Data Center Scheduling: By generating interpretable code for scheduling jobs, it improves efficiency while maintaining transparency—unlike pure neural network controllers.
Material Science & Beyond: Whenever an automated evaluator is available (e.g., for simulating material properties), AlphaEvolve can optimize solutions, suggesting applications in chemistry, physics, and engineering.
Pushmeet Kohli emphasizes that the only strict requirement is a trustworthy evaluation function: “Wherever you can find an evaluator where you can say, ‘I really trust this evaluation scheme…’ you can use AlphaEvolve.” Human evaluators could be incorporated for subjective criteria like elegance or simplicity, though most current use cases rely on programmatic evaluation.
The Significance of LLMs + Program Search for the Future of AI
AlphaEvolve’s approach—pairing LLMs with program search and automated evaluation—marks a paradigm shift in AI for science:
Interpretability: Unlike neural policies, which are black boxes, AlphaEvolve produces explicit, human-readable code, making insights accessible and verifiable.
Generality & Scalability: Its multi-language, multi-domain capabilities mean it can be deployed across computing, engineering, and scientific disciplines, limited only by the availability of robust evaluators.
Mimicking the Scientific Method: The loop of generating, testing, and evolving ideas closely parallels human scientific discovery, but with tireless speed and creativity.

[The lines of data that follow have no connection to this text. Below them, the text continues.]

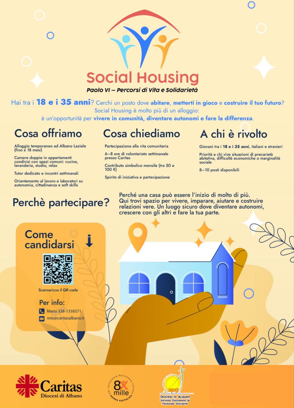 27/08/2025 – Ha preso il via, a cura della Caritas diocesana in collaborazione con il Servizio di Pastorale giovanile della diocesi di Albano, un nuovo progetto di Social housing rivolto a giovani dai 18 ai 35 anni. Nel dettaglio, si offre la possibilità di un alloggio condiviso temporaneo (massimo 18 mesi) ad Albano laziale, per poter vivere un’esperienza di vita in comunità potendo usufruire di percorsi di orientamento al lavoro e laboratori su autonomia, cittadinanza e soft skill, in cambio della partecipazione alla vita comunitaria, un servizio di 6-8 ore di volontariato settimanale presso la Caritas e un contributo simbolico mensile (tra 50 e 100 euro).
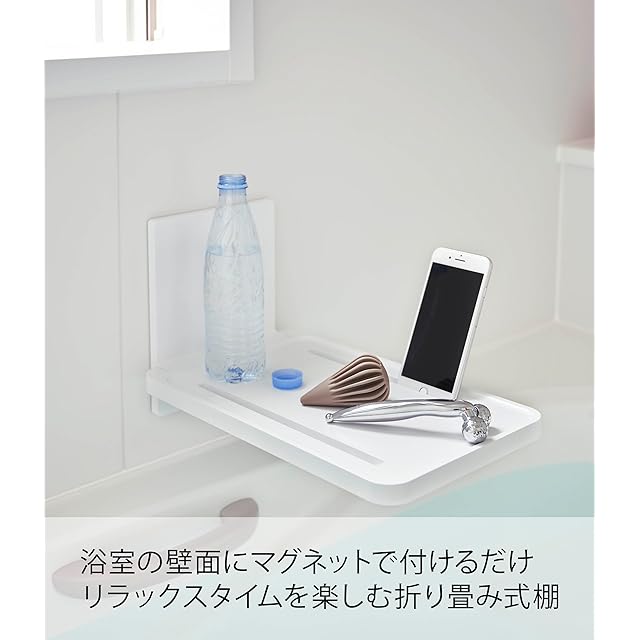 山崎実業(Yamazaki) マグネット バスルーム 折り畳み 棚 ホワイト 約W22XD38.7XH22cm タワー 簡単取付 省スペース 5532
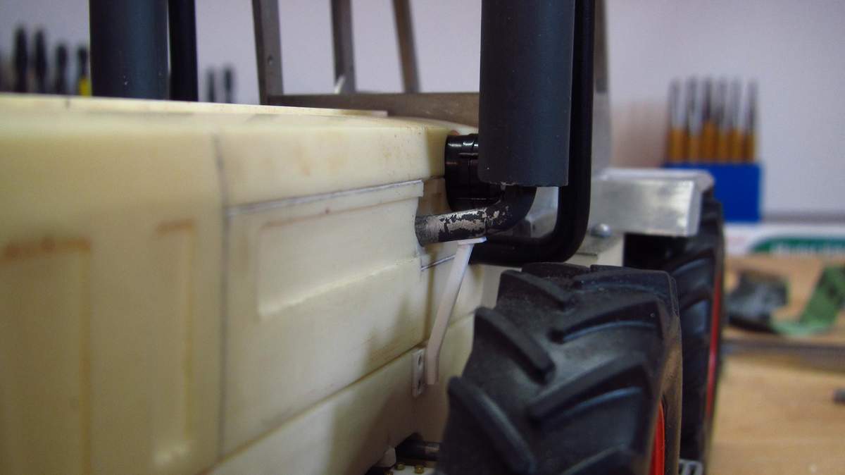 Kotflügeln hab ich nur 1:1-Fotos gefunden, auf denen die Rohre die Kabine überragen, dann soll

Democratization: As with AlphaFold, such tools can make advanced problem-solving accessible to scientists worldwide, regardless of resources.
Acceleration of Discovery: By automating the search for novel solutions, AlphaEvolve can help overcome bottlenecks in research, as seen in protein structure prediction or chip design, triggering new waves of innovation.
As Pushmeet notes, “We are already in that era of AI-accelerated scientific discovery.” The architecture of generator (LLM) and verifier (evaluation function), possibly expanded to multi-agent setups, is becoming the consensus for building powerful scientific AI agents. This holds promise for breakthroughs not just in mathematics and computing, but across the entire spectrum of science and engineering.
As these agents become more capable and accessible, they promise to accelerate, democratize, and even transform the very process of discovery itself. As Pushmeet explains, “Once you have these agents which can go beyond human abilities in solving these problems, then the question becomes: Which problems do we solve next?” The future of science may well be defined by how we answer that question—together, with our AI co-scientists.